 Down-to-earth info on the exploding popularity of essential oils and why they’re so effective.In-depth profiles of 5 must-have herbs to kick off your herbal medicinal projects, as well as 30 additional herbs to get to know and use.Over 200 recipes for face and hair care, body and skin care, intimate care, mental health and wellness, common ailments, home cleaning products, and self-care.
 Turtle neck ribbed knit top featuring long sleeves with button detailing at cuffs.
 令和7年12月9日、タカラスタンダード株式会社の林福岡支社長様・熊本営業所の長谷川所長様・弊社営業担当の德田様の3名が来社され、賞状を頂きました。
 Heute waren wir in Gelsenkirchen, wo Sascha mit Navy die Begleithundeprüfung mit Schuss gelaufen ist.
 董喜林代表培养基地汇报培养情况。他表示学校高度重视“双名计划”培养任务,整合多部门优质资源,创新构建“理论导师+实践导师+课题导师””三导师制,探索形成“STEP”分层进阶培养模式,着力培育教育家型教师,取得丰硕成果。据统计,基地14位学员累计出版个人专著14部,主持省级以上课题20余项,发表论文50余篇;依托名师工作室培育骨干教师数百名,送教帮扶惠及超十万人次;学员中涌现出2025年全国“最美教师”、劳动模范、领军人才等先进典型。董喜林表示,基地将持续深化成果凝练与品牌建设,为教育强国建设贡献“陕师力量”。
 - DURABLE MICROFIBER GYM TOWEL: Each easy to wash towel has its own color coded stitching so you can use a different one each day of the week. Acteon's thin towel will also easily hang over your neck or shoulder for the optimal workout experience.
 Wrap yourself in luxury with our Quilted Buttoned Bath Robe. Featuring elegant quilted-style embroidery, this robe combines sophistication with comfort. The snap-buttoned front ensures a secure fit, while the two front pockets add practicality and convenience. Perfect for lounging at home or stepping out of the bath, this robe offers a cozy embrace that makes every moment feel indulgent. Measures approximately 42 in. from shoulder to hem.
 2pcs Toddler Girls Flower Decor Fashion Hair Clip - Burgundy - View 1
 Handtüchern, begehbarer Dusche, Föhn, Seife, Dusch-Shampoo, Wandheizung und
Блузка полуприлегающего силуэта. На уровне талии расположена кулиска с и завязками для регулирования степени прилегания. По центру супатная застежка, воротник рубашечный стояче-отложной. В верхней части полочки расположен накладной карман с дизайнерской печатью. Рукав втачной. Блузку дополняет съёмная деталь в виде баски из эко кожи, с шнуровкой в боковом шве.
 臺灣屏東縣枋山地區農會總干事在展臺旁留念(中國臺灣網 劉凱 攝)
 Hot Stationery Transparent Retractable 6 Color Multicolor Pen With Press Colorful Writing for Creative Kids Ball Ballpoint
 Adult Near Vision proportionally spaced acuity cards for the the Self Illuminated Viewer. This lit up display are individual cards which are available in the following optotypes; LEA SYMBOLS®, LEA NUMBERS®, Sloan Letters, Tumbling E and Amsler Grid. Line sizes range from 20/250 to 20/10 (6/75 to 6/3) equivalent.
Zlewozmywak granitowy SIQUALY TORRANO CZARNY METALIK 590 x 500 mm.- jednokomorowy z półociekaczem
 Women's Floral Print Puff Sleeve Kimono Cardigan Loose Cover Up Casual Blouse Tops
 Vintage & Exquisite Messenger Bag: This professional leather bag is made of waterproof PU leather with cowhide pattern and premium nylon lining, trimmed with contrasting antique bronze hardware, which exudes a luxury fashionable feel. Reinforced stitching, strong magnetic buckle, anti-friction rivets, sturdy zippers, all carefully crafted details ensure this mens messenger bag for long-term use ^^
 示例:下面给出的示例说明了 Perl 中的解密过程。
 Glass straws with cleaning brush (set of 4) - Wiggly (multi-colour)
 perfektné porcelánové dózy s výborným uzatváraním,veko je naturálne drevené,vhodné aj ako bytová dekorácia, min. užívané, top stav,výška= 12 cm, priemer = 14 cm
====
_What you need to do_. Reproduce the data exactly, altering nothing.

_Exercise solution_.
 Down-to-earth info on the exploding popularity of essential oils and why they’re so effective.In-depth profiles of 5 must-have herbs to kick off your herbal medicinal projects, as well as 30 additional herbs to get to know and use.Over 200 recipes for face and hair care, body and skin care, intimate care, mental health and wellness, common ailments, home cleaning products, and self-care.
 Turtle neck ribbed knit top featuring long sleeves with button detailing at cuffs.
 令和7年12月9日、タカラスタンダード株式会社の林福岡支社長様・熊本営業所の長谷川所長様・弊社営業担当の德田様の3名が来社され、賞状を頂きました。
 Heute waren wir in Gelsenkirchen, wo Sascha mit Navy die Begleithundeprüfung mit Schuss gelaufen ist.
 董喜林代表培养基地汇报培养情况。他表示学校高度重视“双名计划”培养任务,整合多部门优质资源,创新构建“理论导师+实践导师+课题导师””三导师制,探索形成“STEP”分层进阶培养模式,着力培育教育家型教师,取得丰硕成果。据统计,基地14位学员累计出版个人专著14部,主持省级以上课题20余项,发表论文50余篇;依托名师工作室培育骨干教师数百名,送教帮扶惠及超十万人次;学员中涌现出2025年全国“最美教师”、劳动模范、领军人才等先进典型。董喜林表示,基地将持续深化成果凝练与品牌建设,为教育强国建设贡献“陕师力量”。
 - DURABLE MICROFIBER GYM TOWEL: Each easy to wash towel has its own color coded stitching so you can use a different one each day of the week. Acteon's thin towel will also easily hang over your neck or shoulder for the optimal workout experience.
 Wrap yourself in luxury with our Quilted Buttoned Bath Robe. Featuring elegant quilted-style embroidery, this robe combines sophistication with comfort. The snap-buttoned front ensures a secure fit, while the two front pockets add practicality and convenience. Perfect for lounging at home or stepping out of the bath, this robe offers a cozy embrace that makes every moment feel indulgent. Measures approximately 42 in. from shoulder to hem.
 2pcs Toddler Girls Flower Decor Fashion Hair Clip - Burgundy - View 1
 Handtüchern, begehbarer Dusche, Föhn, Seife, Dusch-Shampoo, Wandheizung und
Блузка полуприлегающего силуэта. На уровне талии расположена кулиска с и завязками для регулирования степени прилегания. По центру супатная застежка, воротник рубашечный стояче-отложной. В верхней части полочки расположен накладной карман с дизайнерской печатью. Рукав втачной. Блузку дополняет съёмная деталь в виде баски из эко кожи, с шнуровкой в боковом шве.
 臺灣屏東縣枋山地區農會總干事在展臺旁留念(中國臺灣網 劉凱 攝)
 Hot Stationery Transparent Retractable 6 Color Multicolor Pen With Press Colorful Writing for Creative Kids Ball Ballpoint
 Adult Near Vision proportionally spaced acuity cards for the the Self Illuminated Viewer. This lit up display are individual cards which are available in the following optotypes; LEA SYMBOLS®, LEA NUMBERS®, Sloan Letters, Tumbling E and Amsler Grid. Line sizes range from 20/250 to 20/10 (6/75 to 6/3) equivalent.
Zlewozmywak granitowy SIQUALY TORRANO CZARNY METALIK 590 x 500 mm.- jednokomorowy z półociekaczem
 Women's Floral Print Puff Sleeve Kimono Cardigan Loose Cover Up Casual Blouse Tops
 Vintage & Exquisite Messenger Bag: This professional leather bag is made of waterproof PU leather with cowhide pattern and premium nylon lining, trimmed with contrasting antique bronze hardware, which exudes a luxury fashionable feel. Reinforced stitching, strong magnetic buckle, anti-friction rivets, sturdy zippers, all carefully crafted details ensure this mens messenger bag for long-term use ^^
 示例:下面给出的示例说明了 Perl 中的解密过程。
 Glass straws with cleaning brush (set of 4) - Wiggly (multi-colour)
 perfektné porcelánové dózy s výborným uzatváraním,veko je naturálne drevené,vhodné aj ako bytová dekorácia, min. užívané, top stav,výška= 12 cm, priemer = 14 cm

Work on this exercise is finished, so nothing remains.